Kids with Food Allergies is running a year long campaign to encourage people to always have their epi-pens (or epinephrine device of choice with them). By uploading a picture with the #WhereInTheWorldIsMyEpinephrine at a platform of your choice (see details here ), you can be entered into a monthly drawing for $400 worth of products.

Here's a collection of pictures from our recent trip. Can you see his epi-pens in these pictures? They are visible, although I don't think visible enough for the contest (which is fine, James would not want them that visible).



The bottom two pictures were taken at Zion National Park. We took a shuttle on the way back and here's what we heard over the radio as we went (name and age changed for privacy because I, frankly, can't believe they gave that information out over the radio when it wasn't private):

We have a 15 year old girl, Trixie, in anaphylactic shock. Epi has been given. Coming out of the Narrows.

What did she react to?

In my head: Who the hell cares?

I don't know. She has been given an epi-pen. Her throat just started closing up. We need an ambulance.

But, was she stung by something? Did she eat something?

In my head again: Who the hell cares?

James: "Why isn't the driver calling for help?" 

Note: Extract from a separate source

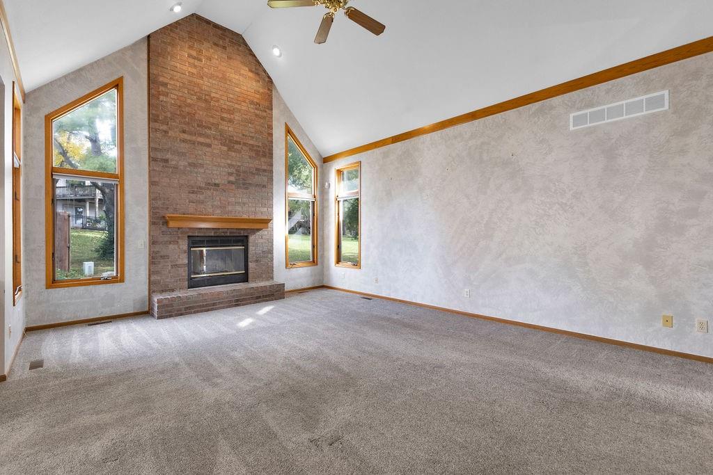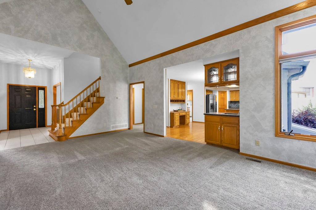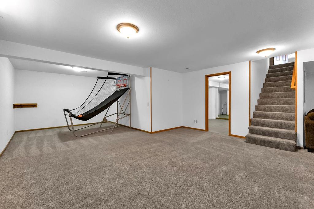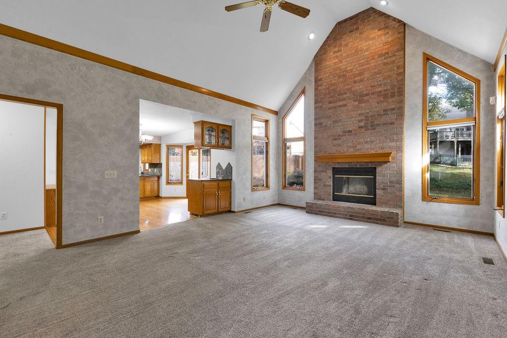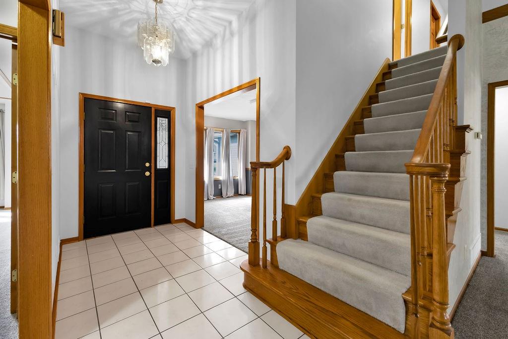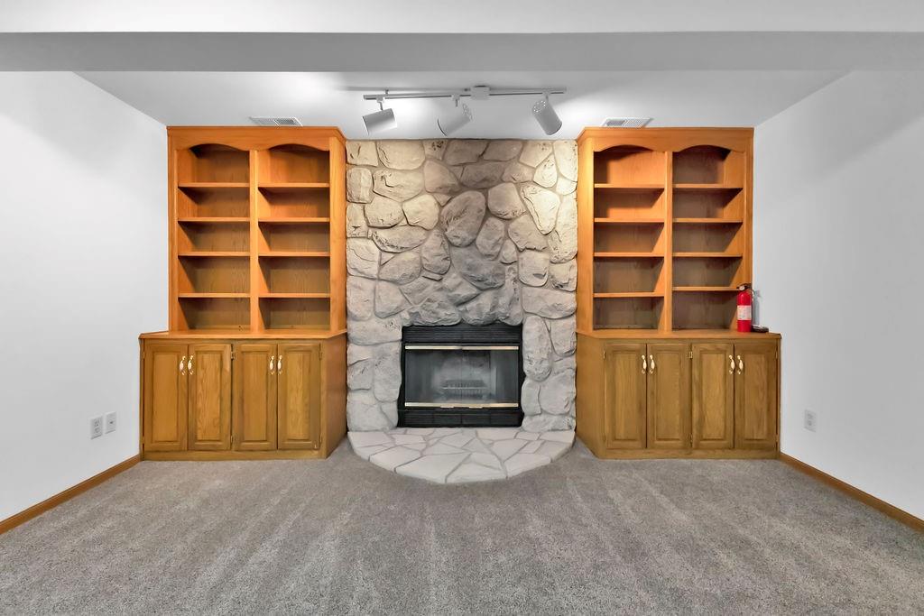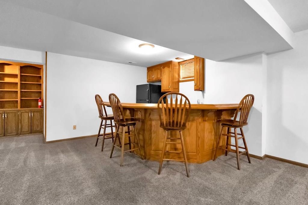 This beautifully maintained 1.5-story home offers an abundance of space and flexibility in a sought after neighborhood. The main floor boasts a warm living room with a brick fireplace, a formal dining room, and a spacious kitchen with a breakfast area. You’ll love the oversized primary suite with a tray ceiling, a spa-like bathroom, plus the convenience of main-floor laundry, a half bath, and a 2 car garage. Upstairs, find three comfortable bedrooms and a full bath, while the finished basement is made for fun - featuring a large rec room, full bath, wet bar, and a non-conforming bedroom or exercise room, along with plenty of storage. A brand new roof, security system, and all electric living finish off the amazing features of this home. With multiple living areas and thoughtful details throughout, this home is perfect for both entertaining and everyday living.

Our driver had not been using the radio, this was all overheard, so we explained that he would hear what was going on throughout the park, but that others were helping.

James: "Someone needs to help her."

We're out of the Narrows now. 

Is she stable?

In my head: Finally!

Yes, she's stable. She's walking.

Ambulance and rangers are on their way.

And at this point, they pass our shuttle.

This is the Narrows.


She was smart, she carried her epi-pen. I am still thinking of her everyday and hoping she is ok.

Where in the world is your epinephrine?